◆ Exercise requirements
Your output consists solely of the lines from the one that contains "White Cotton-Blend Short" to the end of the material, each reproduced exactly; pictures do not belong in it.
######
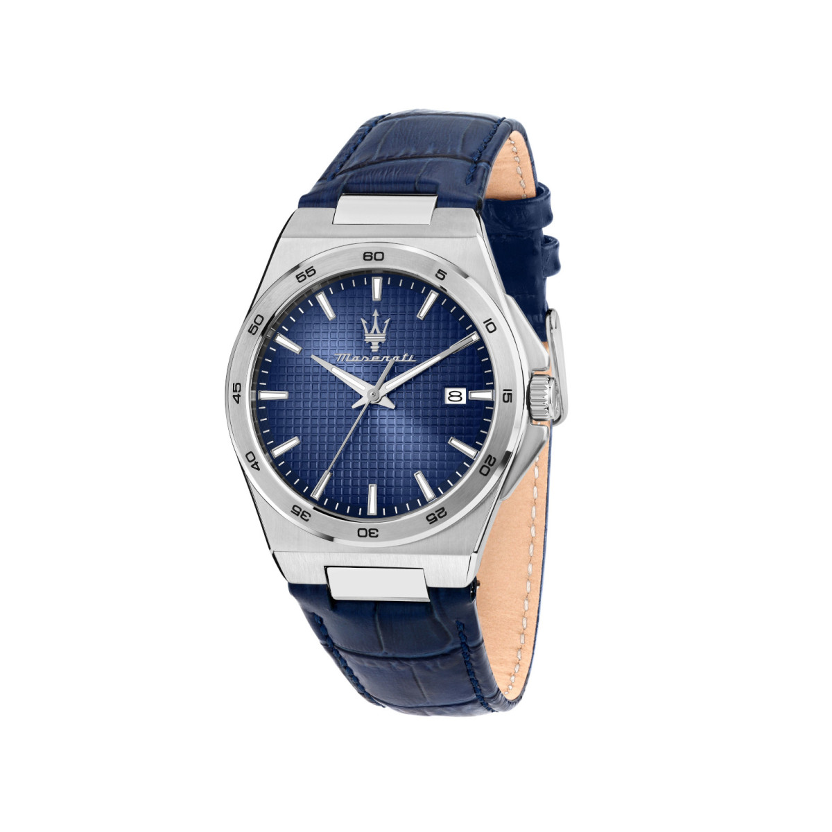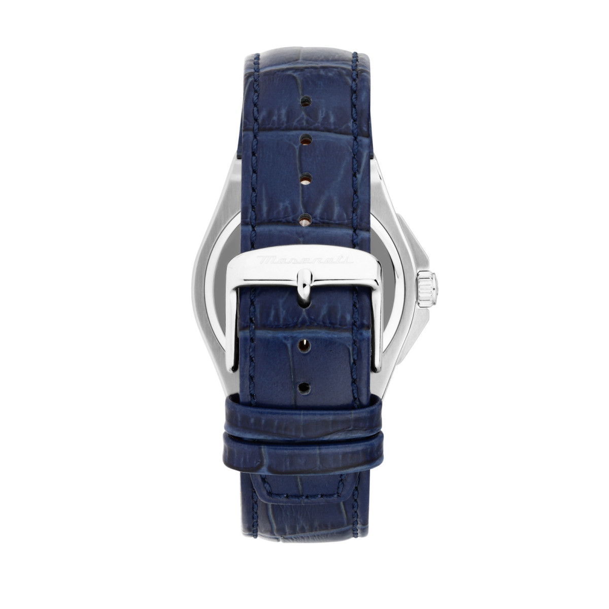 Ανδρικό ρολόι διαμέτρου 40mm με μηχανισμό QUARTZ ακριβείας. Έχει μπλε καντράν. Η κάσα του είναι από ανοξείδωτο ατσάλι και κρύσταλλο από ορυκτό κρύσταλλο ειδικής σκλήρυνσης. Έχει δερμάτινο λουράκι μπλε χρώματος.
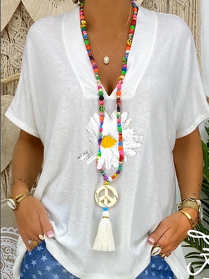 White Cotton-Blend Short Sleeve T-Shirts is fashionable & cheap, come to Noracora to find out about the Clothing
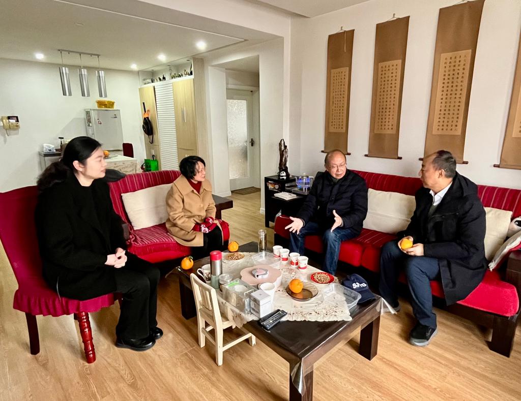 2月5日,校党委常委、党委统战部部长朱飞,副部长蒋艳,校侨联副主席曾向红等一行走访看望了中国工程院院士伦世仪教授、江南大学原校长陶文沂、原江南大学校长程志翔以及设计学院首任院长张福昌教授等侨界老领导老专家,与老同志们促膝长谈、共话新春,衷心祝愿他们马年安康、福寿绵长。走访中,一行人详细询问老领导老专家的身体状况和生活近况,悉心倾听他们的心声与期盼,一同回顾老同志们为学校学科建设、事业发展和侨务工作作出的辛勤付出与卓越贡献。
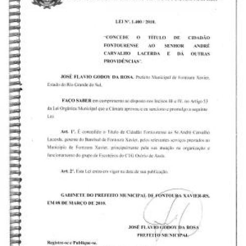 André chegou a reveber o título de Cidadão Fontourense, como pode ser observado em imagem em anexo.
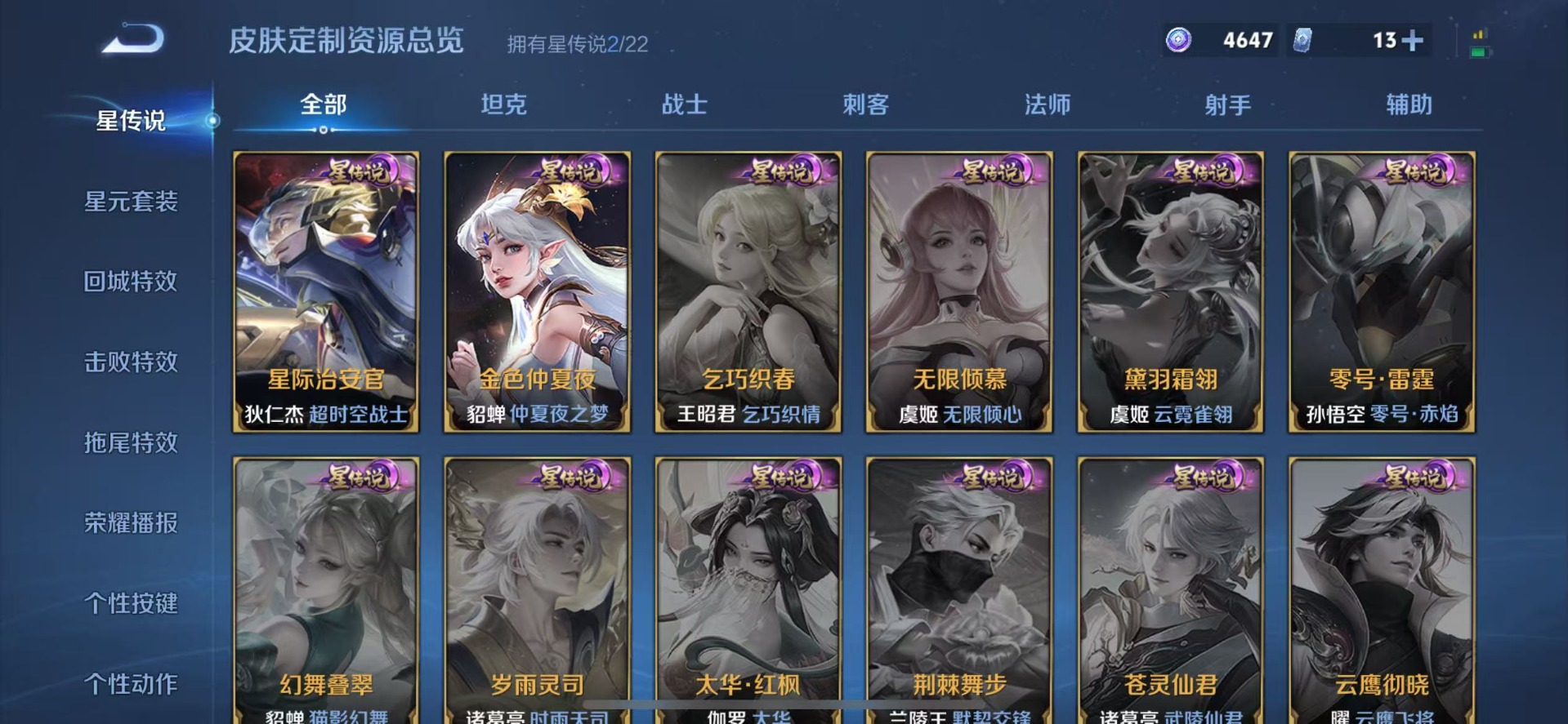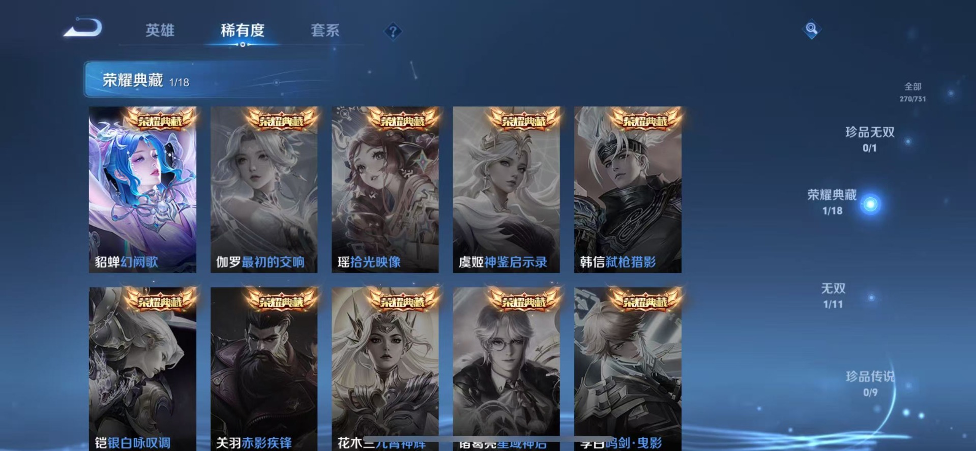 廉颇寅虎·御盾,典韦岱宗,诸葛亮时雨天司,公孙离玉兔公主,司空震愿照·山河定,裴擒虎李小龙,李白诗剑行,马可波罗山海·玄木吟,马可波罗深海之息,桑启鸣野蒿,孙悟空孙行者,百里玄策白虎志,韩信傲雪梅枪,澜愿照·九州拓
######
◆ Result for this exercise
 White Cotton-Blend Short Sleeve T-Shirts is fashionable & cheap, come to Noracora to find out about the Clothing
 2月5日,校党委常委、党委统战部部长朱飞,副部长蒋艳,校侨联副主席曾向红等一行走访看望了中国工程院院士伦世仪教授、江南大学原校长陶文沂、原江南大学校长程志翔以及设计学院首任院长张福昌教授等侨界老领导老专家,与老同志们促膝长谈、共话新春,衷心祝愿他们马年安康、福寿绵长。走访中,一行人详细询问老领导老专家的身体状况和生活近况,悉心倾听他们的心声与期盼,一同回顾老同志们为学校学科建设、事业发展和侨务工作作出的辛勤付出与卓越贡献。
 André chegou a reveber o título de Cidadão Fontourense, como pode ser observado em imagem em anexo.
 廉颇寅虎·御盾,典韦岱宗,诸葛亮时雨天司,公孙离玉兔公主,司空震愿照·山河定,裴擒虎李小龙,李白诗剑行,马可波罗山海·玄木吟,马可波罗深海之息,桑启鸣野蒿,孙悟空孙行者,百里玄策白虎志,韩信傲雪梅枪,澜愿照·九州拓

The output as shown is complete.